February 14, 1958 was a Friday night. Snow lovers got a special gift as the heaviest snowfall since 1948 blanketed Birmingham with over two inches of snow.
Unprepared celebrants headed out for a night on the town got a rude surprise.
The northwest corner of Alabama was blanketed with 3-6 inches of snow. Six to eight inches fell in Decatur.
As often is the case around these parts, snowfall amounts varied over a short distance. While there was two inches on the ground in Bessemer, there was none in Tuscaloosa.
At the Birmingham Municipal Airport, A Delta Airlines DC-7 slid off the runway on Saturday morning and buried itself nose deep in slush and mud when the nosewheel broke. None of the 43 passengers were injured.
“If a picture is worth a thousand words, this one is worth a million memories.
This is a little house that once sat on a hilltop in eastern Cullman County in one of the largest snowstorms in Alabama history: February 14, 1958.

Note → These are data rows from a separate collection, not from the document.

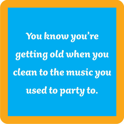 Text reads: You know you're getting old when you clean to the music you used to party to.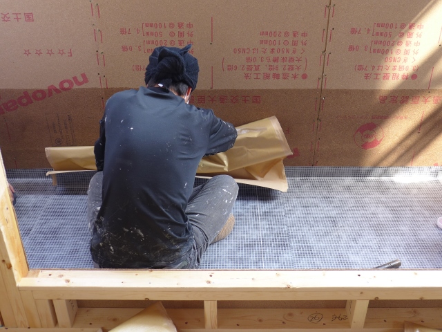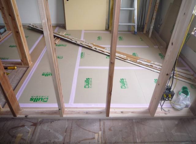 間仕切り用の柱(間柱)の位置が決まり部屋割が確定!すでにフローリングの施工も完了です。キズ防止の養生板が貼られてしまって・・・色がわかりませんね。 ...続きを読む2024/03/23 静岡市葵区音羽町S様邸現場 FRP防水の施工の様子
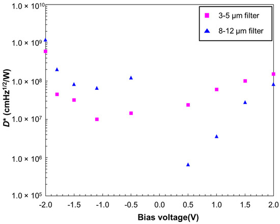 Figure 7 shows the calculated photodetectivity (D*) at different bias voltages with the 3–5 µm (square) and 8–12 µm (triangle) band pass filters. The 8–12 µm band has a higher photodetectivity (D*) at negative biases, whereas the photodetectivity D* of the 3–5 µm band is higher at positive biases. The photodetectivity D* differences indicate good band selectivity by direct bias voltage control.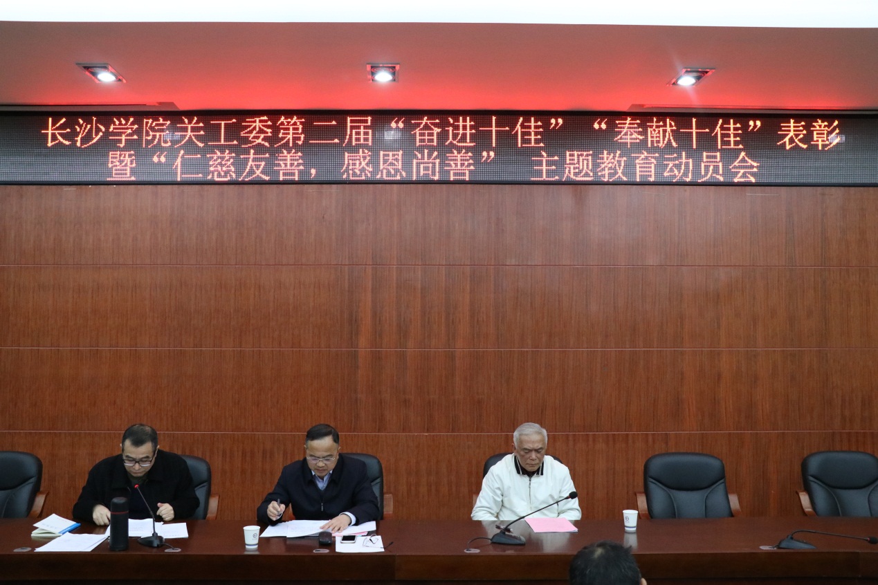 11月8日上午十点,我校关工委第二届“奋进十佳”“奉献十佳”表彰暨“仁慈友善 感恩尚善”主题教育动员会在图书馆一楼会议室召开。党委副书记、校关工委主任屈林岩,原长沙大学校长、关工委常务副主任李峻,长沙学院原党委副书记、现关工委副主任李云龙,关工委全体委员,各二级学院关工委主任、委员及授表彰奖励的学生出席了本次会议。会议由李云龙主持。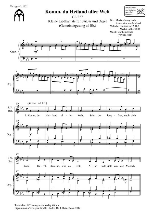 Jenny, Martin, Text (nach Ambrosius von Mailand) Melodie nach Martin Luther Kleine Liedkantate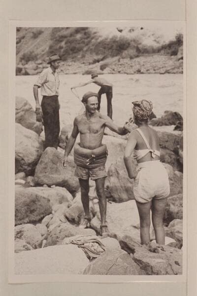 Nevills aiding in the portage-lining of the "Mexican Hat II" at Lava Falls
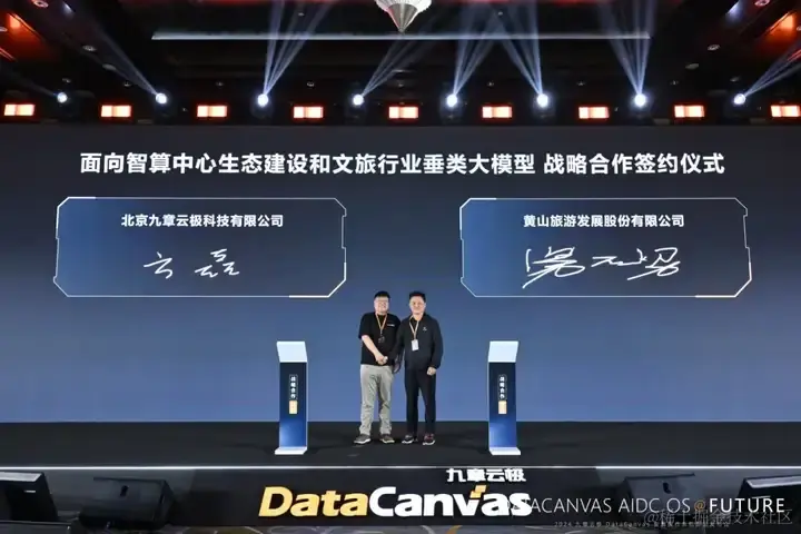 基于大模型领先技术优势和丰厚的智算生态资源,九章云极DataCanvas公司与黄山旅游签署《面向智算中心生态建设和文旅行业垂类大模型》战略合作。本次合作旨在共同探索智算中心建设,为文旅行业用户提供对标国际一流水平的文旅大模型能力和高质量的“算力+算法”一体化服务,吸引人工智能生态企业聚集,推动人工智能成为黄山市新质生产力发展的澎湃动力。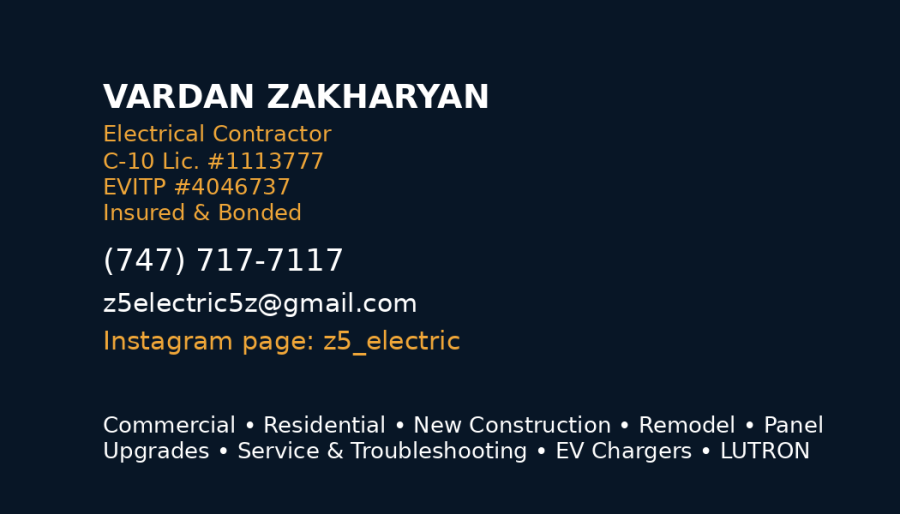 | Description: | Electrician - Licensed & Insured | Commercial & Residential Services Էլեկտրիկ - Լիցենզավորված և Ապահովագրված | Առևտրային և Բնակելի Սպասարկում |
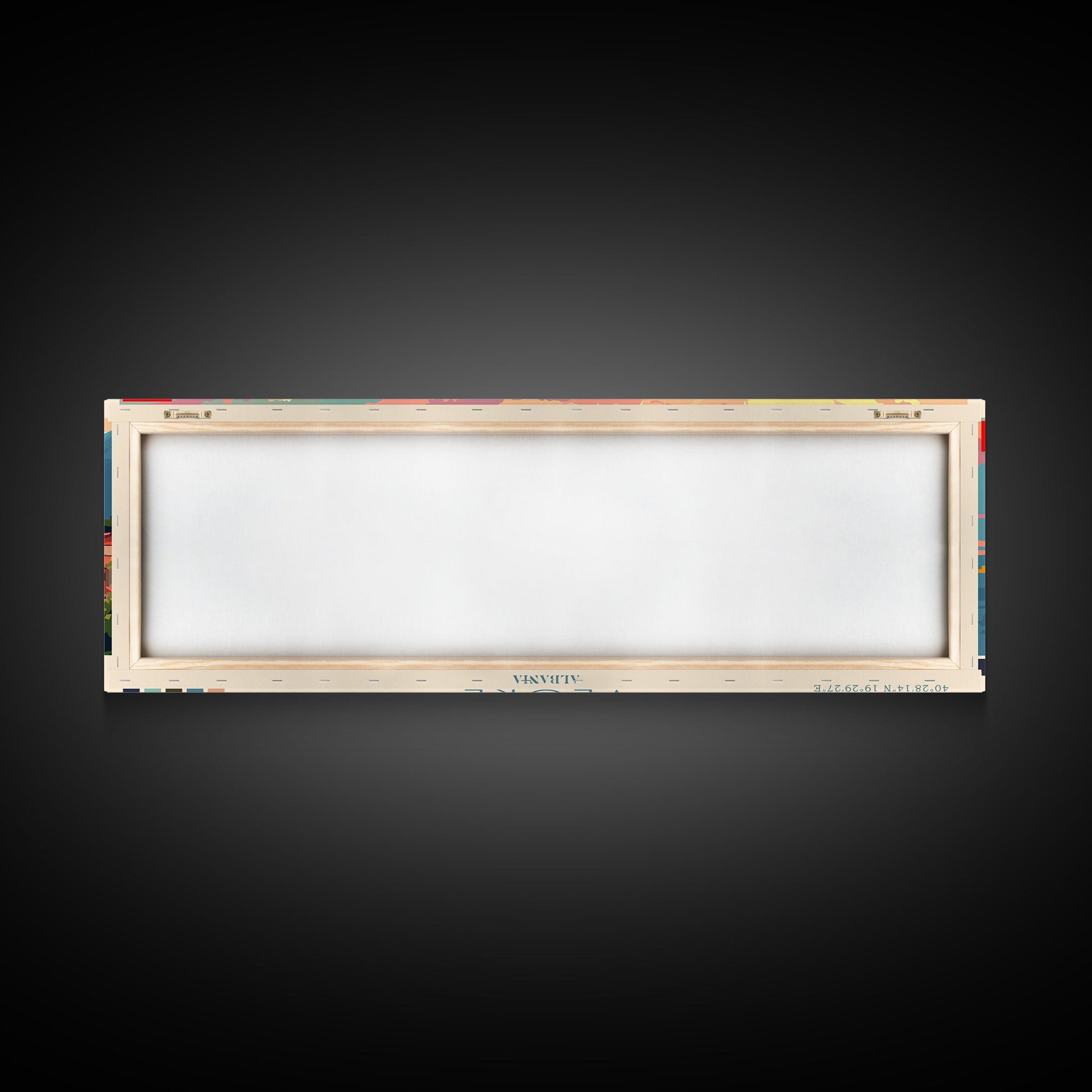 Most of our canvases are made in the USA, with the exception of canvases ordered with the light oak unstained frames, and any large canvases (24x48, 30x60, 16x48 and 20x60) ordered WITH a frame. These are temporarily made in and shipped from Europe, while we try to find a more consistent supplier in the USA.
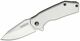 Čepeľ vyrobená z kvalitnej ocele 154CM so saténovým povrchom, sa otvára otvorom v čepeli a v otvorenej pozícii ju drží poistka Button lock.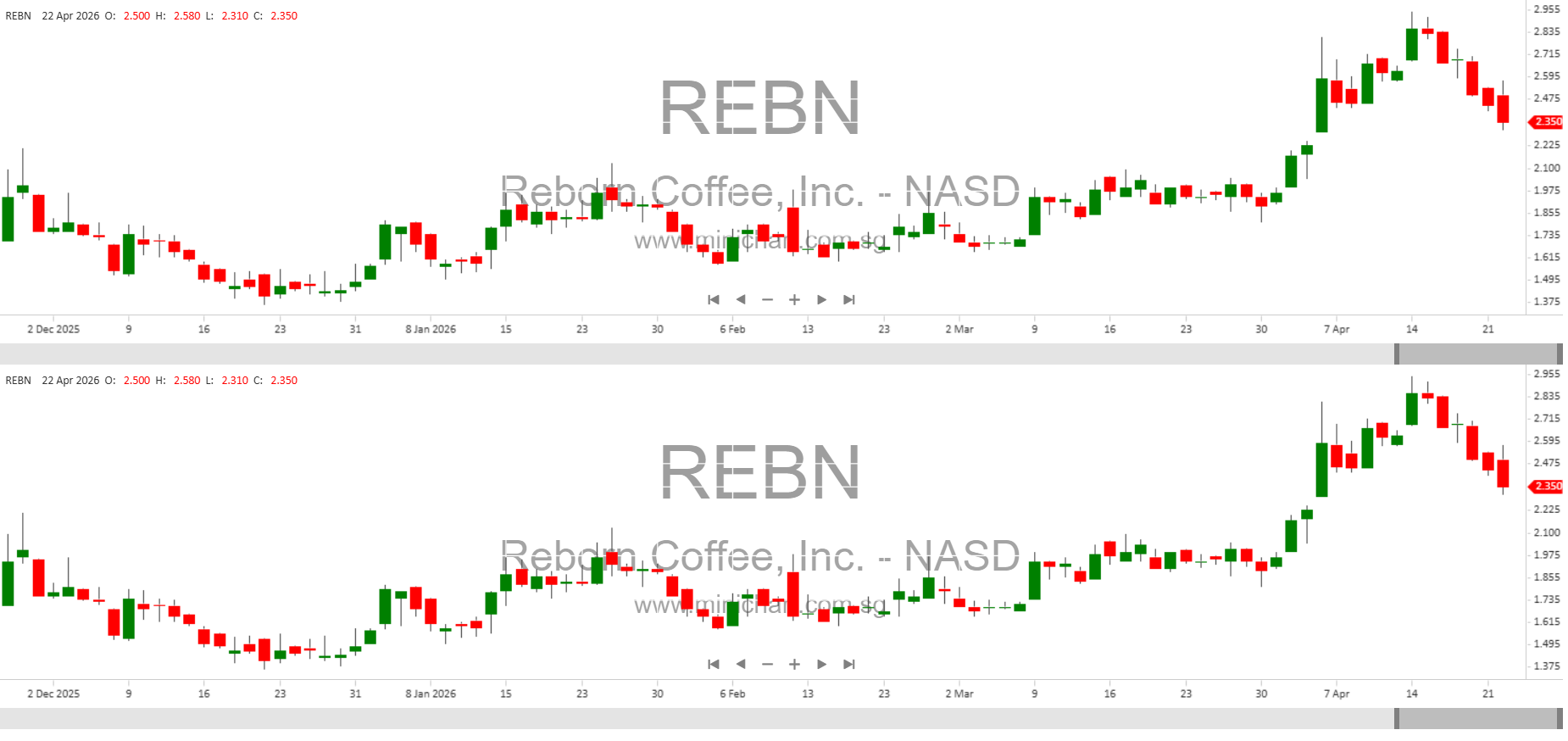 View Reborn Coffee, Inc. Historical chart here

There are some unofficial reports of 18-plus inches of snow from that one north of Cullman and Holly Pond, but my mom says this was the most snow she’d ever seen – including the Blizzard of ’93.
I went home and found this tonight because something in the weather pattern looks like ’58. In fact, one of the analogs to the expected weather pattern around mid-February produced THIS storm.
That doesn’t mean it’ll happen again, but if you didn’t get enough winter back in January – there’s more coming. Sooner than most of us would like!”